The Funeral Train Of Bobby Kennedy
These Magnum photographs by Paul Fusco document the funeral procession for Bobby Kennedy as it travelled from New York City to Washington, D.C. in June 1968. In tribute to RFK's raw empathy, his determination to make our lives better, and his insistence that the government is answerable to all - black and white, rich and poor - hundreds of thousands of people stood patiently in the searing heat to pay their respects.

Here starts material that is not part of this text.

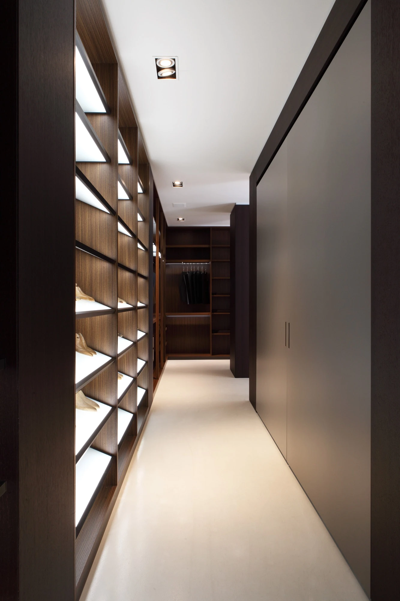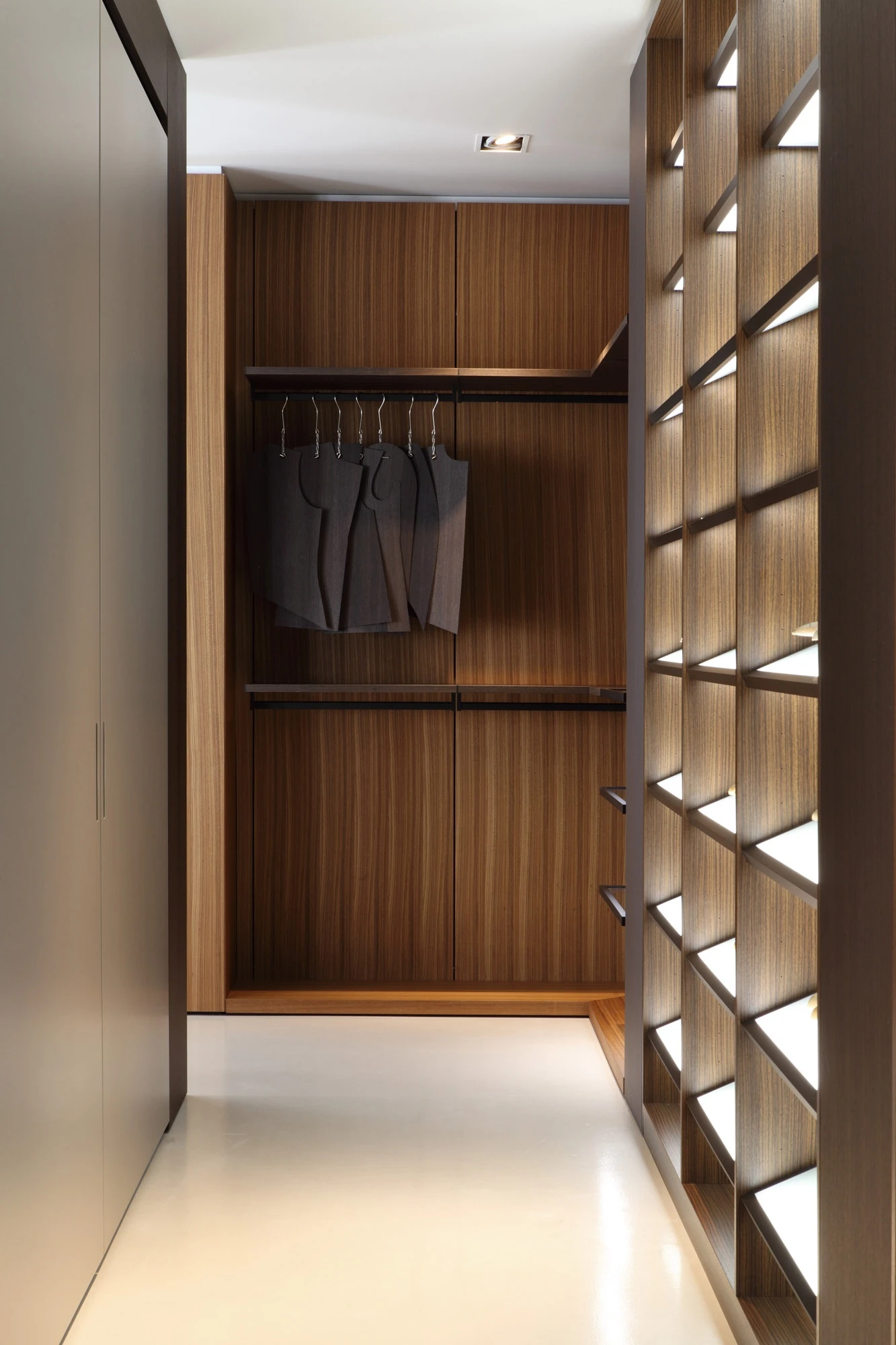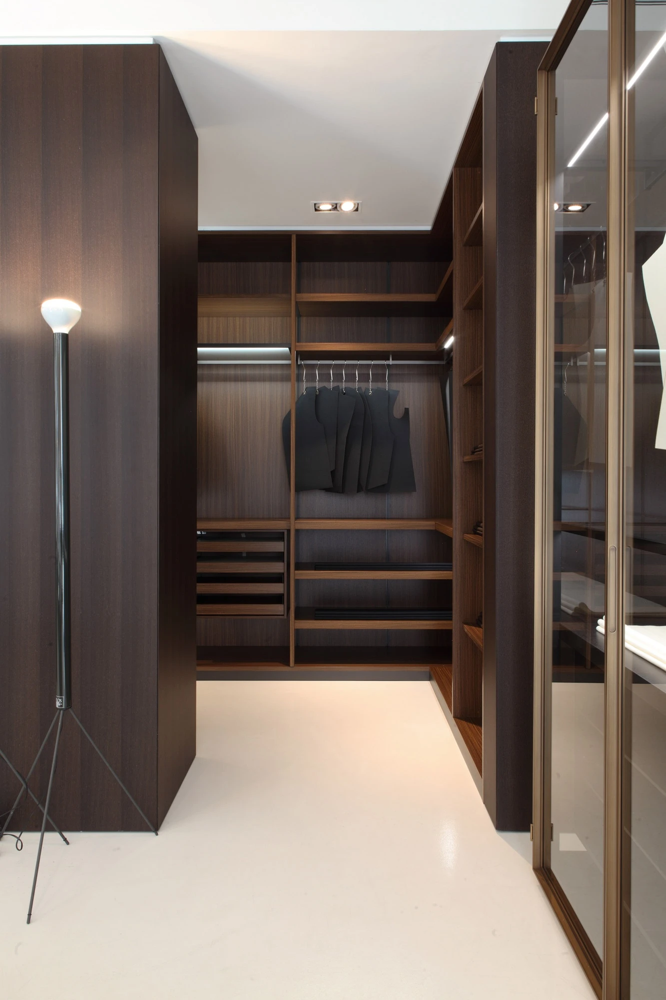 In the showroom at via Durini 15, wardrobes are in the spotlight, quintessence of Porro’s customisation. Here the company’s bespoke does not only manifest itself through the original and cutting-egde space solutions or the accurate finishings of doors and interiors, but above all through the rationalisation and optimisation of interiors so that the objects inside – shirts, clothes and one’s most beloved accessories – are not just safe and tidy, but exhibited and valued as well, with the obsessive attention to hidden details which makes a wardrobe by Porro different from any other, a world apart. A dense pathway hosts 8 subsequent possible solutions, confirming that spacious, breath-taking areas are not necessary: the wardrobe project by Porro shows off its absolute quality whatever the size. Like a tailor, Porro masterfully sews its wardrobes like a custom-made dress that is able to adapt to all desires and spaces, combining industrial production and handicraft, off-the-shelf product and one-off piece.

Kennedy's assassination was a blow to the optimism for a brighter future that his campaign brought for many Americans who lived through the turbulent 1960s.
Juan Romero, the busboy who shook hands with Kennedy right before he was shot, later said, "It made me realise that no matter how much hope you have it can be taken away in a second."
Jack Newfield, a reporter that had been travelling with the campaign, expressed his feelings on the effect of the assassination, closing his memoir on Kennedy with:
"Now I realised what makes our generation unique, what defines us apart from those who came before the hopeful winter of 1961, and those who came after the murderous spring of 1968. We are the first generation that learned from experience, in our innocent twenties, that things were not really getting better, that we shall not overcome. We felt, by the time we reached thirty, that we had already glimpsed the most compassionate leaders our nation could produce, and they had all been assassinated. And from this time forward, things would get worse: our best political leaders were part of memory now, not hope.
The stone was at the bottom of the hill and we were all alone."